Forwarding an internal observation that expected rank-leaving followed by rejoining doesn't seem to be functioning as expected after a60b566#diff-6630d974d12b21479b3bc34595b1496fc253d48d703e5089ec654b4d9dd24291R313

Previously:

Exception raised from ncclCommWatchdog at /opt/pytorch/pytorch/torch/csrc/distributed/c10d/ProcessGroupNCCL.cpp:1339 (most recent call first):
frame #0: c10::Error::Error(c10::SourceLocation, std::__cxx11::basic_string<char, std::char_traits<char>, std::allocator<char> >) + 0x99 (0x7f94f599bdc9 in /usr/local/lib/python3.10/dist-packages/torch/lib/libc10.so)
frame #1: <unknown function> + 0xf6f04e (0x7f94947e604e in /usr/local/lib/python3.10/dist-packages/torch/lib/libtorch_cuda.so)
frame #2: <unknown function> + 0xca016a (0x7f949451716a in /usr/local/lib/python3.10/dist-packages/torch/lib/libtorch_cuda.so)
frame #3: <unknown function> + 0xdc253 (0x7f94f54b0253 in /usr/lib/x86_64-linux-gnu/libstdc++.so.6)
frame #4: <unknown function> + 0x94ac3 (0x7f95049e4ac3 in /usr/lib/x86_64-linux-gnu/libc.so.6)
frame #5: <unknown function> + 0x126850 (0x7f9504a76850 in /usr/lib/x86_64-linux-gnu/libc.so.6)

[2024-04-04 11:42:17,400] torch.distributed.elastic.multiprocessing.api: [WARNING] Sending process 1433 closing signal SIGTERM
[2024-04-04 11:42:17,405] torch.distributed.elastic.multiprocessing.api: [WARNING] Sending process 1434 closing signal SIGTERM
[2024-04-04 11:42:17,414] torch.distributed.elastic.multiprocessing.api: [WARNING] Sending process 1440 closing signal SIGTERM
[2024-04-04 11:42:17,784] torch.distributed.elastic.multiprocessing.api: [ERROR] failed (exitcode: -6) local_rank: 2 (pid: 1435) of binary: /usr/bin/python
[2024-04-04 11:42:17,784] torch.distributed.elastic.agent.server.api: [INFO] [default] Worker group FAILED. 100/100 attempts left; will restart worker group
[2024-04-04 11:42:17,784] torch.distributed.elastic.agent.server.api: [INFO] [default] Stopping worker group
[2024-04-04 11:42:17,784] torch.distributed.elastic.agent.server.api: [INFO] [default] Rendezvous'ing worker group

Now

[rank0]:[E ProcessGroupNCCL.cpp:588] [Rank 0] Some NCCL operations have failed or timed out.
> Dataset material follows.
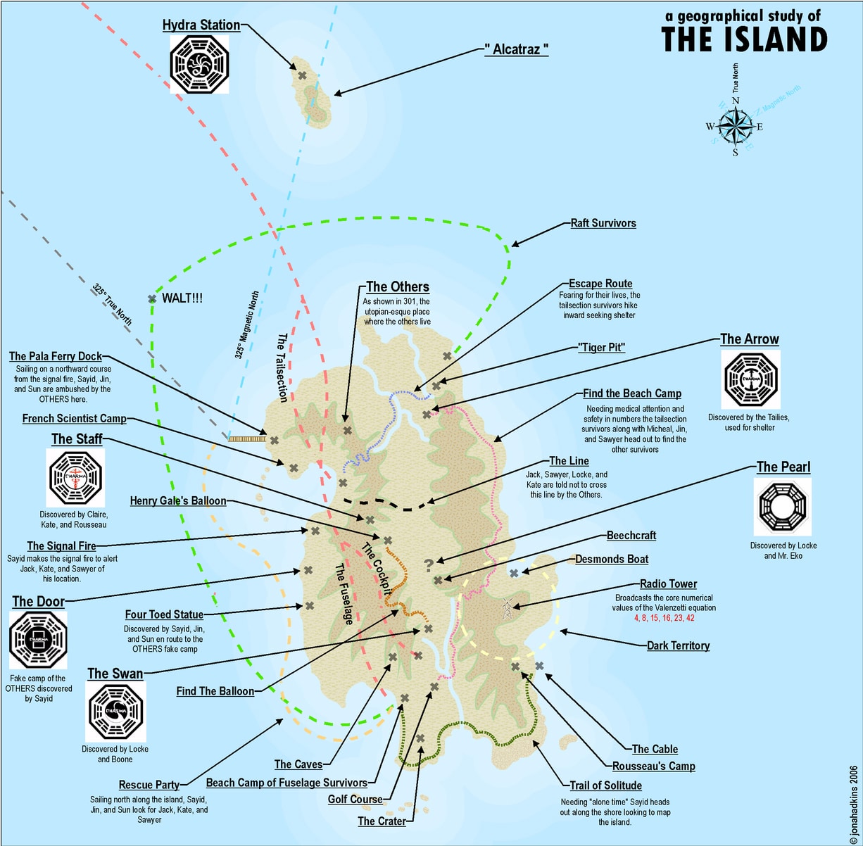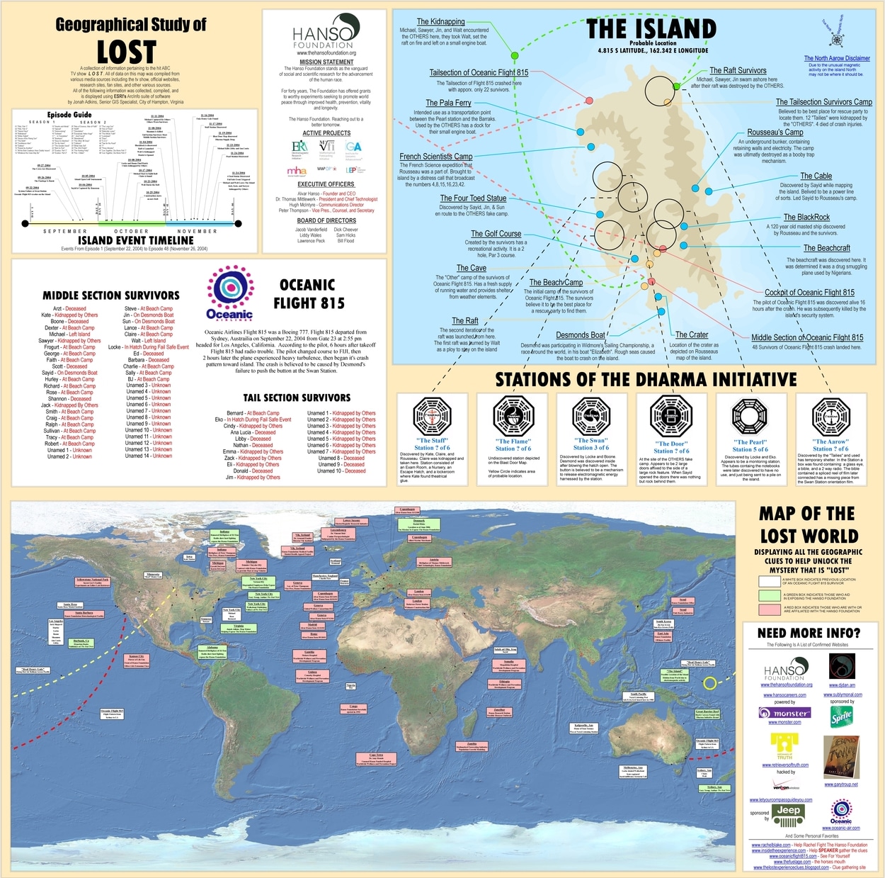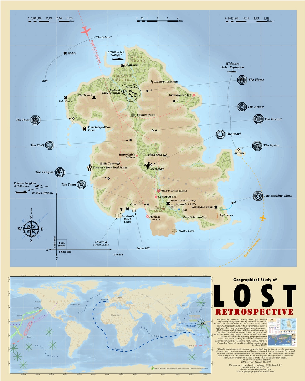 However, I couldn’t pass up this awesome design idea done by talented cartographer Jonah M. Adkins. The detail is just amazing, and it helps me understand the concept of LOST with just a few glimpses. All the events become crystal clear, and I feel like I could jump in and watch LOST at any time and still know where things and events are located without even having watched one full episode.

Due to the asynchronous nature of CUDA kernels, subsequent GPU operations might run on corrupted/incomplete data.
[rank0]:[E ProcessGroupNCCL.cpp:594] [Rank 0] To avoid data inconsistency, we are taking the entire process down.
[rank0]:[E ProcessGroupNCCL.cpp:1385] [PG 0 Rank 0] NCCL watchdog thread terminated with exception: NCCL error: remote process exited or there was a network error, NCCL version 2.20.5
ncclRemoteError: A call failed possibly due to a network error or a remote process exiting prematurely.
Last error:
socketProgress: Connection closed by remote peer 10.244.3.40<34366>
Exception raised from checkForNCCLErrorsInternal at /opt/pytorch/pytorch/torch/csrc/distributed/c10d/ProcessGroupNCCL.cpp:1736 (most recent call first):
frame #0: c10::Error::Error(c10::SourceLocation, std::__cxx11::basic_string<char, std::char_traits<char>, std::allocator<char> >) + 0x99 (0x7fe3c6483d89 in /usr/local/lib/python3.10/dist-packages/torch/lib/libc10.so)
frame #1: c10d::ProcessGroupNCCL::checkForNCCLErrorsInternal(std::vector<std::shared_ptr<c10d::NCCLComm>, std::allocator<std::shared_ptr<c10d::NCCLComm> > > const&) + 0x35d (0x7fe363d378dd in /usr/local/lib/python3.10/dist-packages/torch/lib/libtorch_cuda.so)
frame #2: c10d::ProcessGroupNCCL::WorkNCCL::checkAndSetException() + 0x7b (0x7fe363d37b8b in /usr/local/lib/python3.10/dist-packages/torch/lib/libtorch_cuda.so)
frame #3: c10d::ProcessGroupNCCL::watchdogHandler() + 0x1d7 (0x7fe363d3f7c7 in /usr/local/lib/python3.10/dist-packages/torch/lib/libtorch_cuda.so)
frame #4: c10d::ProcessGroupNCCL::ncclCommWatchdog() + 0x10f (0x7fe363d408bf in /usr/local/lib/python3.10/dist-packages/torch/lib/libtorch_cuda.so)
frame #5: <unknown function> + 0xdc253 (0x7fe3c60b0253 in /usr/lib/x86_64-linux-gnu/libstdc++.so.6)
frame #6: <unknown function> + 0x94ac3 (0x7fe3d5572ac3 in /usr/lib/x86_64-linux-gnu/libc.so.6)
frame #7: <unknown function> + 0x126850 (0x7fe3d5604850 in /usr/lib/x86_64-linux-gnu/libc.so.6)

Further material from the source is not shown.